FDA-Approved Drug Could Combat Middle-Aged Memory Loss

Our brains seldom preserve single memories; instead, they aggregate memories together such that recalling one key experience prompts the remembering of others that are linked in time. However, as we become older, our brains lose the ability to connect memories together.

Researchers at the University of California, Los Angeles (UCLA) have found a critical chemical process that underpins memory linkage. They've also discovered a means to restore this brain function in middle-aged rats, as well as an FDA-approved medicine to do it.

The findings, which were published in the journal Nature today (May 25, 2022), reveal a novel strategy for improving human memory in middle age and a possible early intervention for dementia.

“Our memories are a huge part of who we are,” Alcino Silva, a distinguished professor of neuroscience and psychiatry at UCLA's David Geffen School of Medicine, noted. “The ability to link related experiences teaches how to stay safe and operate successfully in the world.” 

A quick reminder of Biology 101: cells are densely packed with receptors. A chemical must latch onto its corresponding receptor to get entry to a cell, which works like a doorknob.

The UCLA researchers focused on a gene called CCR5, which codes for the CCR5 receptor, which HIV uses to infect brain cells and cause memory loss in AIDS patients.

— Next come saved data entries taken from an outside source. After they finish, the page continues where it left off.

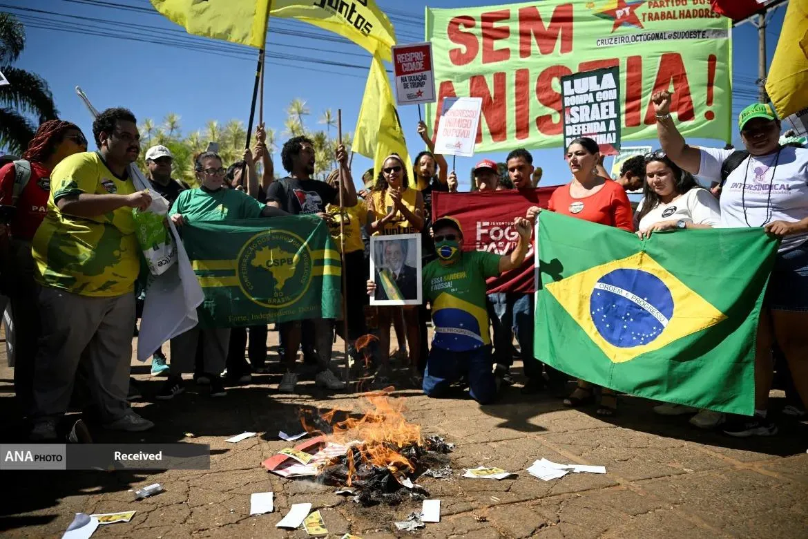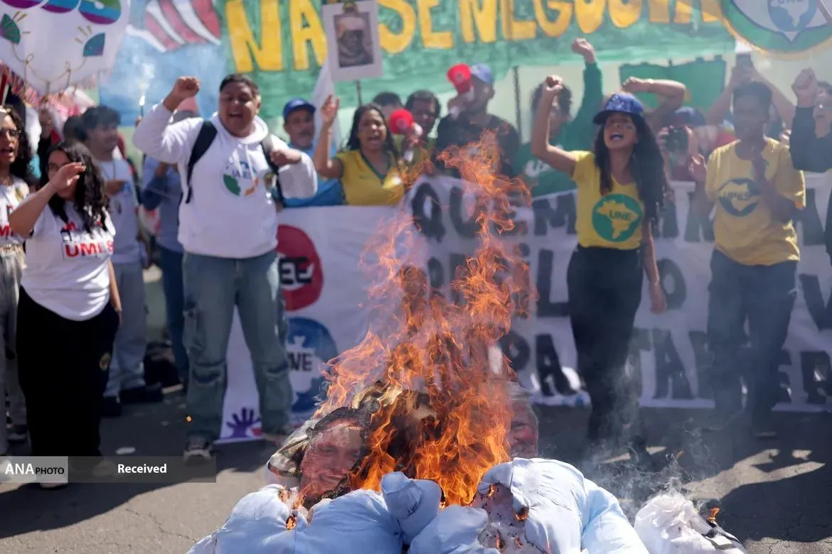 مردم برزیل در اعتراض به سیاست های ترامپ پرچم آمریکا و دلار این کشور را به آتش کشیدند.ترامپ در واکنش به پیگرد قانونی رئیس جمهور سابق، ژایر بولسونارو، متحد راست افراطی خود، برزیل را با تعرفه‌های ۵۰ درصدی هدف قرار داده است.
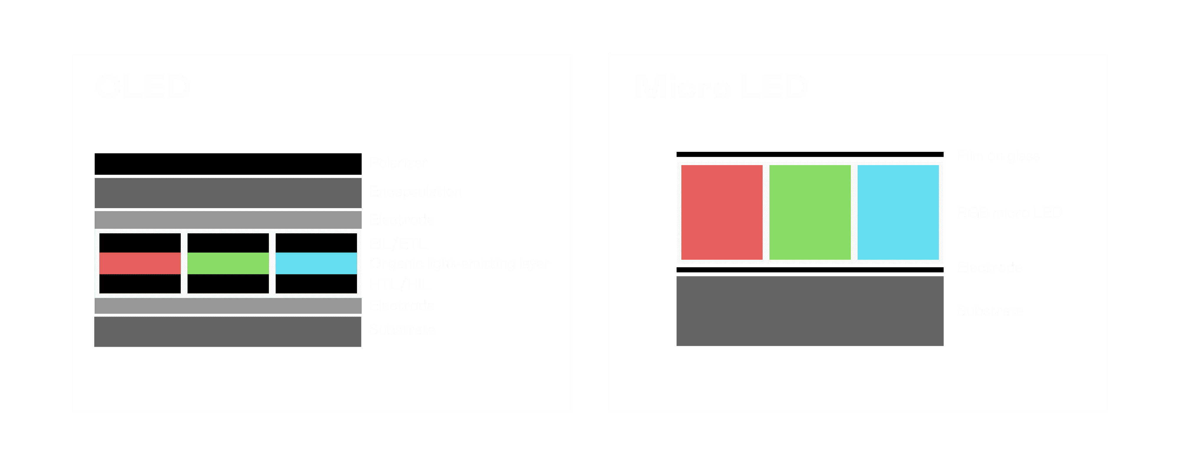 以 LED 做为显示画素,,,可让 LED 的发光效率发挥到极致,,,从而让显示器具备优异的亮度表现,,,,不论是在户外或室内,,均具备出众的显示效果。。。。同时,,与使用有机材料的 OLED 相比,,,,LED 具备更稳定、、寿命更长的特性,,不仅不会有画面烙印问题,,,而且更不容易出现故障、、、坏点。。。
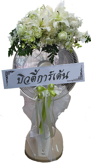 W 81 : พวงหรีด พัดลม 16นิ้ว ประดับดอกไม้
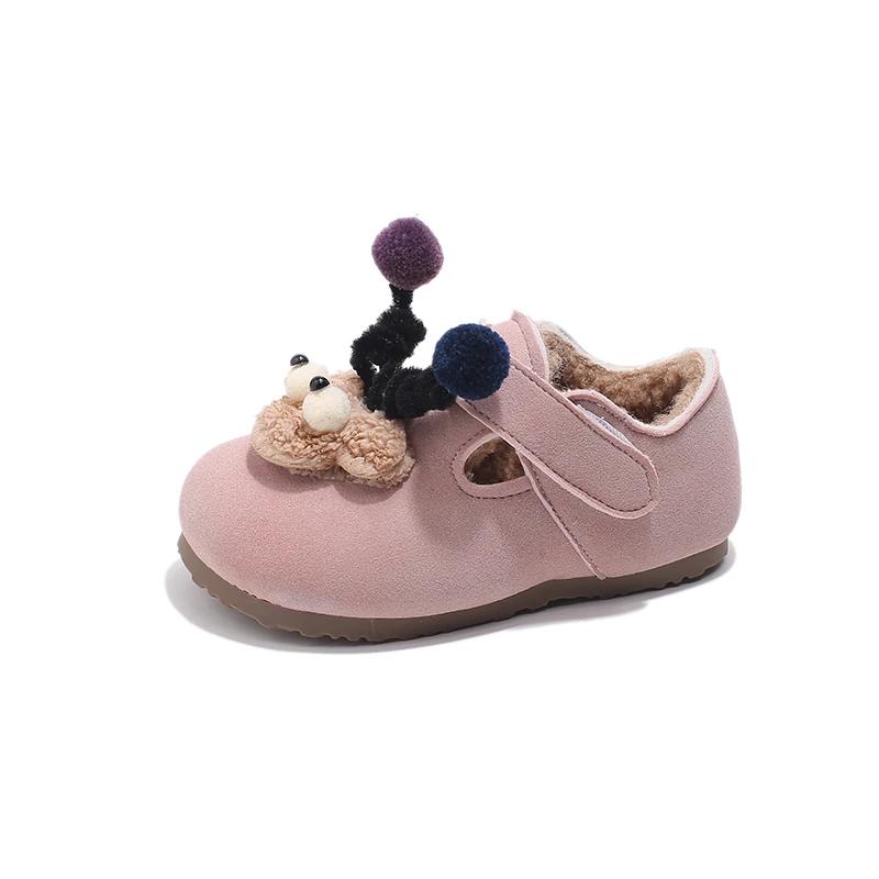2024 Детские плюшевые балетки для девочек, зимняя новая мода в корейском стиле, мягкие, нескользящие, универсальные, шикарные, сохраняющие тепло кожаные туфли 23 розовый

CCR5 expression was shown to impair memory recall in Silva's lab's previous research.

Silva and his colleagues uncovered a key mechanism that allows mice to connect memories from two distinct cages in the present study. The scientists were able to witness neurons activating and establishing new memories using a small microscope that provided a window into the animals' brains.

Memory linking in middle-aged mice was disrupted by increasing CCR5 gene expression in the brains. The animals lost track of how the two cages were connected.

When the CCR5 gene was removed from the mice, they were able to connect memories in a way that normal mice couldn't.

Silva has previously researched maraviroc, a medicine that was licensed by the US Food and Drug Administration in 2007 for the treatment of HIV infection. Maraviroc also inhibited CCR5 in the brains of mice, according to his research. “When we gave maraviroc to older mice, the drug duplicated the effect of genetically deleting CCR5 from their DNA,” Silva, a UCLA Brain Research Institute member, explained. “The older animals were able to link memories again.”

Maraviroc might be used off-label to assist recover middle-aged memory loss and correct HIV-related cognitive deficiencies, according to the findings. 

“Our next step will be to organize a clinical trial to test maraviroc’s influence on early memory loss with the goal of early intervention,” Silva added. “Once we fully understand how memory declines, we possess the potential to slow down the process.” 

Which begs the question: why does the brain require a gene that prevents memories from being linked? “Life would be impossible if we remembered everything,” Silva stated. “We suspect that CCR5 enables the brain to connect meaningful experiences by filtering out less significant details.”